Fans filled the stands at Allie P. Reynolds Stadium Friday night, much to the delight of Tom Holliday and the Oklahoma State baseball team. Cow bells were in full force, and the crowd seemed lively as they cheered for the Cowboys more than any crowd all season.
However, OSU junior pitching ace Scott Baker’s performance on the mound against the Baylor Bears was uncharacteristically poor. He gave up 11 total runs -- after 11 strikeouts in his last outing -- and, along with the play of the other team, frustrated fans to the point that most had fled by the end of the sixth inning.
“Nicest crowd of the year and we literally ran them out of the ballpark,” said OSU coach Tom Holliday.
The eventual 18-6 defeat at the hands of the Bears (24-13, 7-6 Big 12) represents the Cowboys (22-10, 7-3) worst loss of the season, and the most runs allowed in a game all season.
It seemed that Baker never had his game together, giving up a home run to Baylor centerfielder Chris Durbin on the second pitch of the game. Two batters later, catcher Josh Ford punched the long ball to right field putting the Bears up 2-0 before OSU’s batters had a chance to take one swing.
“It’s just one of those nights,” Baker said. “Those guys hit earlier in the count and I didn’t make good pitches early in the count.”
The deficit, however, going into the bottom of the fourth was not insurmountable, and the Pokes eventually tied the game in the bottom of the fifth.
With two outs, third baseman Josh Fields knocked a base hit to left field, first baseman John Urick punched his card for a trip to first on a walk and Baylor pitcher Steven White handed OSU catcher Jason Jaramillo a walk.
This set the stage for designated hitter Mario Matulich’s two-RBI single shot to left field that brought Fields and Urick home and sent the crowd into a fit of cheers and clinking cow bells.
And as the sun set on Reynolds Stadium, the Cowboys fell behind in the top of the sixth never to see the sunshine again. Baker allowed five runs in that inning with the help of an error.
“I thought he was up,” Holliday said. “He was throwing more of the riser than the sinker. When he dominates he’s at the knees with life. He threw a lot of balls tonight that sailed and he lost the count.”
Baker never found his niche, giving up three more in the top of the seventh before catching relief from reliever Thomas Cowley.

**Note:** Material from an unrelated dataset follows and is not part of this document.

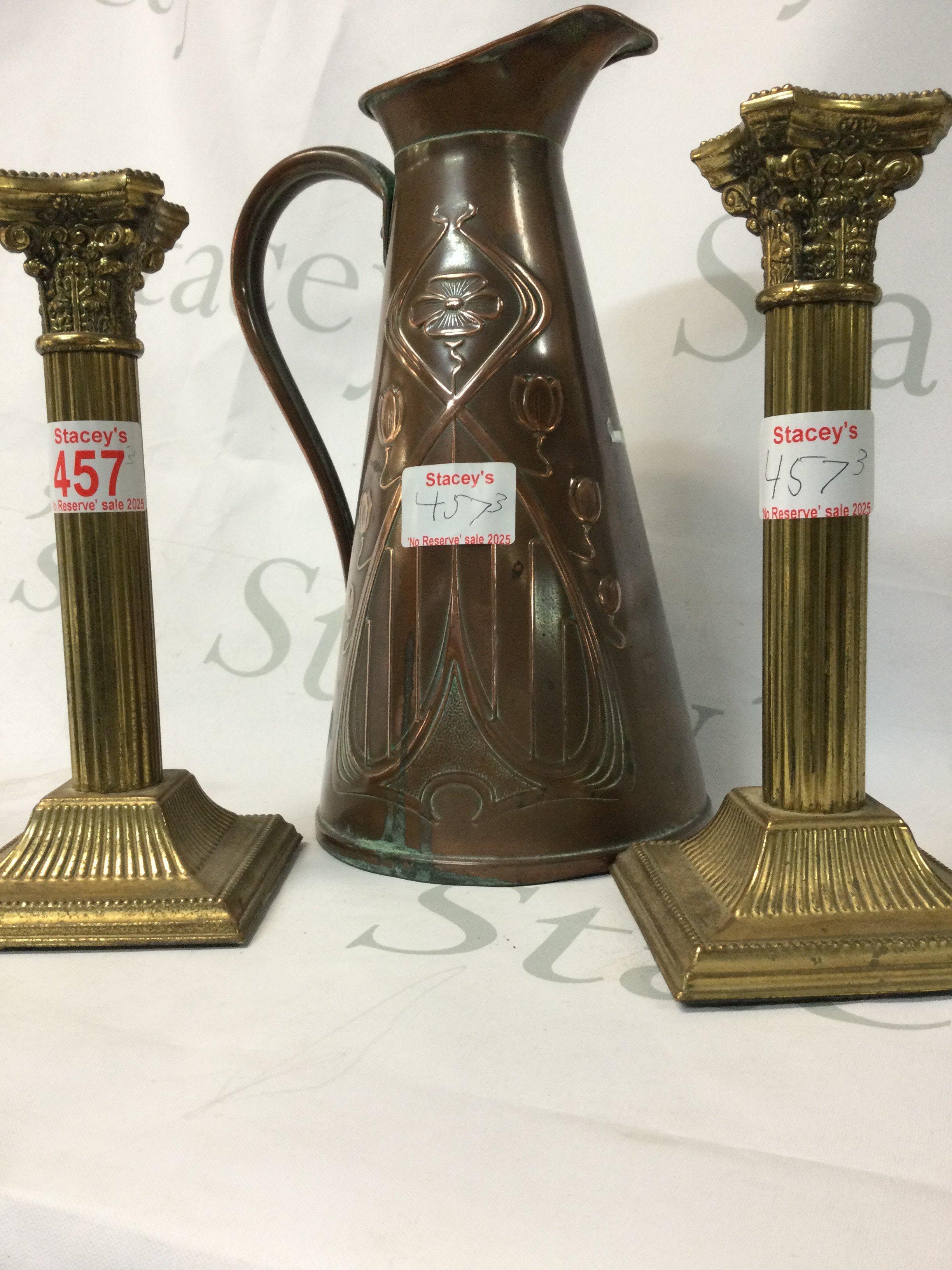 An antique pair of vintage brass candlesticks and a copper antique jug made in the 1900s in Britain.

“They did a great job of keeping me off balance, and I wasn’t able to get comfortable up there,” Baker said. “It’s one of those things that just happens. You’ve got to have a short-term memory and forget about it, and come out and win the next two.”

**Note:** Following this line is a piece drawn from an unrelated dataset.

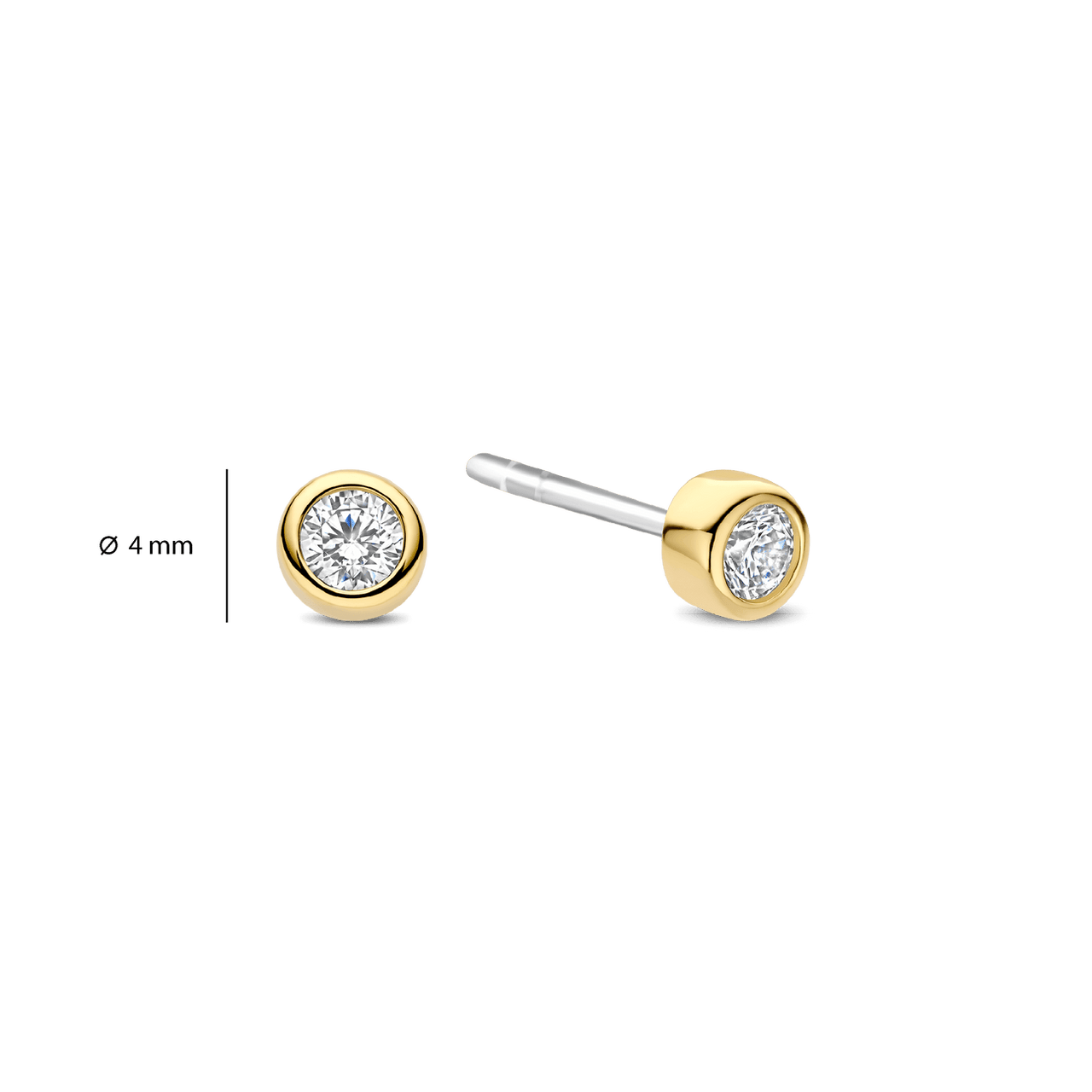 These Classic Zirconia Stud Earrings are crafted from high-quality 925 sterling silver and finished with an 18ct gold vermeil setting. The clear zirconia stone is placed in a round setting that provides a subtle, warm glow and a timeless appearance.

Leaving the game down 11-3, Baker put the defense in the hands of a bullpen that struggled just as much as he did.
The Baylor hitters made solid contact the entire night, led by Durbin who crowned his night going 4-for-6 with three runs scored and two RBI. Ford went 3-for-4 for Baylor, and third baseman Michael Griffin and first baseman Mark Saccomanno both went 3-for-5.
“Baylor’s every bit as good as I thought,” Holliday said. “Cowley gave them an opportunity and they banged it, they took advantage of it.”
The Cowboys had one final burst of energy in the bottom of the eighth when center fielder Jose Virgil belted a solo shot over the wall in left center field. Urick gave the scant crowd an encore with his massive lob over the right field wall to score two runs and cut the lead to 16-6.
But the Bears scored their final two runs in the ninth, and OSU’s offense went down one-two-three to complete the waxing.
“Now your mental makeup gets checked,” Holliday said. “You got your feelings hurt; you got your pride hurt. There will be a lot of soul searchin' tonight. I’ll find out tomorrow about some of my new people. Some of my old guys have been through this before. We haven’t lost the first game of a series so this is a good test.”
Baylor and OSU head back to the diamond Saturday at 2 p.m. for a game that Holliday hopes will be drastically different.
“I hope they got all their base hits out tonight and took BP and feel real good, (and)come out tomorrow thinking it’s all over and all they gotta do is throw their gloves out there -- because it’s to our benefit.”